Он рад, что навстречу нам вышел Кузьмич, а не другой лесничий. Кузьмич, простуженно кашляя, поднимает тяжелый шлагбаум и пропускает наш воз. Потом они закуривают. Кузьмич спрашивает:
- Ну как?
- Ничего, - говорит отец. - Дорога справная. Я думал, хуже будет, а она - справная... Колесо вот одно смял, так сам же и виноватый: не усмотрел. По припечкам как понесло, думал, и брусьев не соберу...
- Дотянешь?
- Теперь не дорога, а чистая скатерть-самобранка.
Только нахлестывай, погоняй быков. Доберусь.
К утру мы приезжаем домой. Мать вышла встречать нас, когда мы только миновали первые дворы хутора:
видно, всю ночь не спала, волновалась за нас и, услышав скрип лесины, кинулась на улицу. В накинутом на голову мешке, какая-то маленькая и суетливая, она заспешила открывать ворота, обеспокоенно приговаривая:
- Дождь ливмя льет... Простыли небось? Ой, куда ж тут не простыть!.. Да не разгружайте их, завтра скинете. Будь они неладны, эти брусья... Ступайте в теплое, переоденьтесь.
- После переоденемся, - твердо решает отец. - Мне надо тягло отвезти на стан.
Под неугомонным холодным дождем, мокрые, озябшие до дрожи, но обрадованные голосом матери и тем, что мы уже в своем дворе и не встретился нам Крым-Гирей, мы работали не передыхая. Когда брусья улеглись под забором, дождь внезапно кончился. Мать удивилась:
- Надо же! Он вас как метил.
Переодевшись в сухое, отец поехал на стан, а я залез на печку, блаженно растянулся на теплой дерюге, с удовольствием зажмурил глаза... Какое это счастье - после тяжелой, изнуряющей дороги вновь оказаться на родной печке, где сладко пахнет печеными яблоками! И какая радость - вдруг понять, что ты, как и отец, все пересилил, все смог и опять вернулся в дом вдохнуть его привычного тепла, набраться сил для новых дорог... Спать.
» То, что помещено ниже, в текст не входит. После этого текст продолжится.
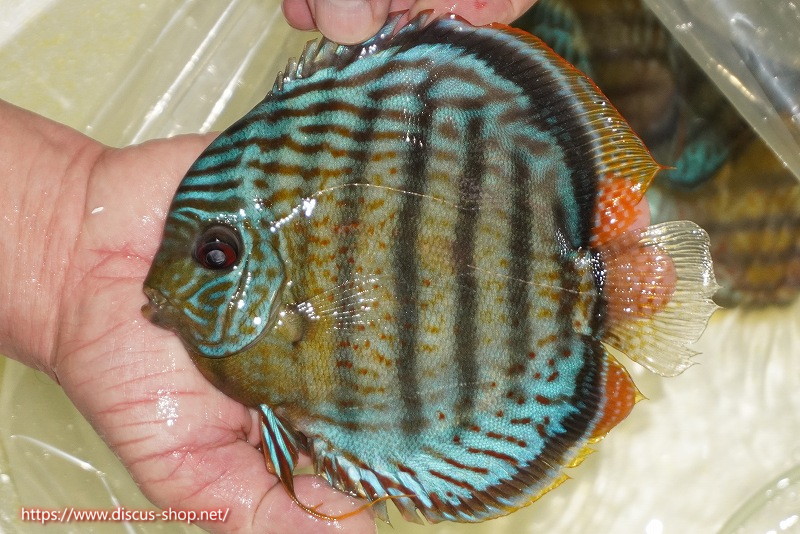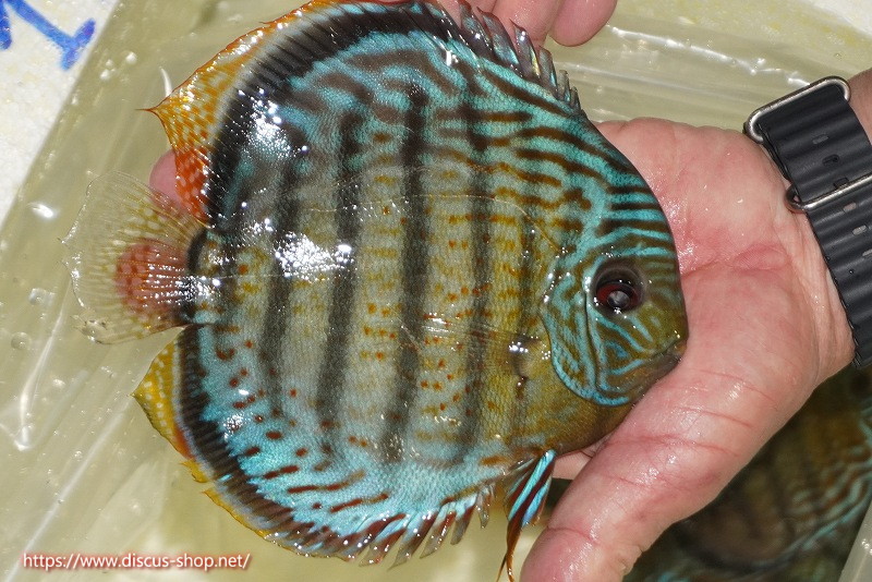 グリーンディスカスの中でも最もバリエーションが豊富でラージスポットタイプ、スポットラインタイプをはじめ、ロイヤルラインタイプなどの極上個体。またベースカラーの黄色、ホリゾンタルラインの青み、スポットの赤と最もカラフルな種となります。仕上がれば改良品種顔負けのど派手なパターンを持つ魅力的な産地の個体となります。
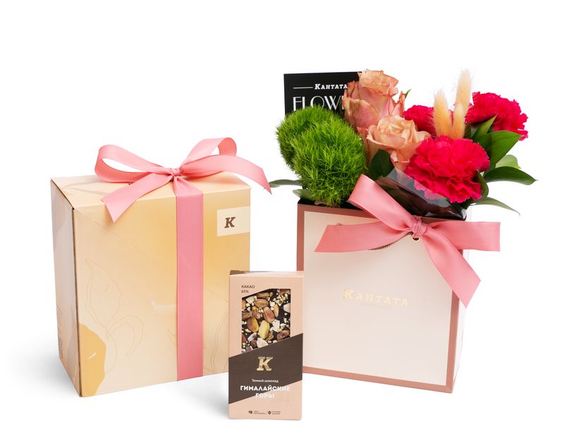Прекрасный подарок для ценителя чая! В наборе, который мы украсили композицией из живых ароматных цветов, собрана коллекция из самых вкусных и популярных чаёв из ассортимента Кантаты. К напиткам — тёмный шоколад «Гималайские горы» с фисташкой и пикантной солёной нотой.
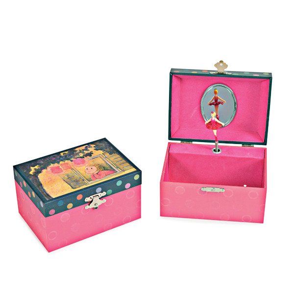 Pozytywka – szkatułka pozwoli każdej małej dziewczynce przechowywać drobne skarby. Mogą to być gumki, spinki, biżuteria, ale też zdjęcia najbliższych. Szkatułka wykonana jest z utwardzonej tektury oraz z mdf – płyty drzewnej. W środku została wyłożona miękkim materiałem. Po otworzeniu i nakręceniu drobna baletnica obraca się, przeglądając w lusterku, a pozytywka gra melodię. Całość zapakowana jest w pudełko z okienkiem, przez co stanowi doskonały pomysł na prezent!
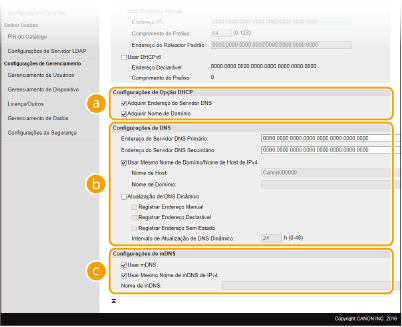 Selecione a caixa de verificação para atualizar os registos DNS dinamicamente, sempre que o endereço IP da máquina for alterado. Para especificar o(s) tipo(s) de endereços que pretende gravar no servidor DNS, selecione a caixa de verificação de [Registrar Endereço Manual], [Registrar Endereço Declarável] ou [Registrar Endereço Sem Estado]. Para especificar o intervalo entre atualizações, introduza o tempo em horas na caixa de texto [Intervalo de Atualização de DNS Dinâmico]. [Configurações de mDNS][Usar mDNS]

Теперь надо спать. Я заслужил этот сон.
Я сижу во дворе на брусьях, привалившись спиной к забору. Уже полдень, небо давно распогодилось, опрокинуло над хутором свою голубую нежную чашу с белыми барашками облаков. Скоро из школы приедет на велосипеде мой друг Мишка Лукьянов и расскажет мне о нашем десятом "А", о том, кому он подарил за меня букет осенних гвоздик. Я просил его нарвать их для учительницы по русскому языку Екатерины Ивановны, но Мишка по рассеянности всегда что-нибудь напутает, и я тревожусь, подарил ли он Екатерине Ивановне ее любимые гвоздики... Мне немножко обидно, что я не в школе в такой радостный день. Но зато я сижу на брусьях с Синих скал. Настанет срок, мы распилим их на пилораме. Балки отвезем тетке Назарихе (то-то обрадуется она!), а из досок-сороковок настелем гладкий сосновый пол в спальне нашего нового дома. И зимой, в самую лютую стужу, не будет зябко ходить в доме босиком.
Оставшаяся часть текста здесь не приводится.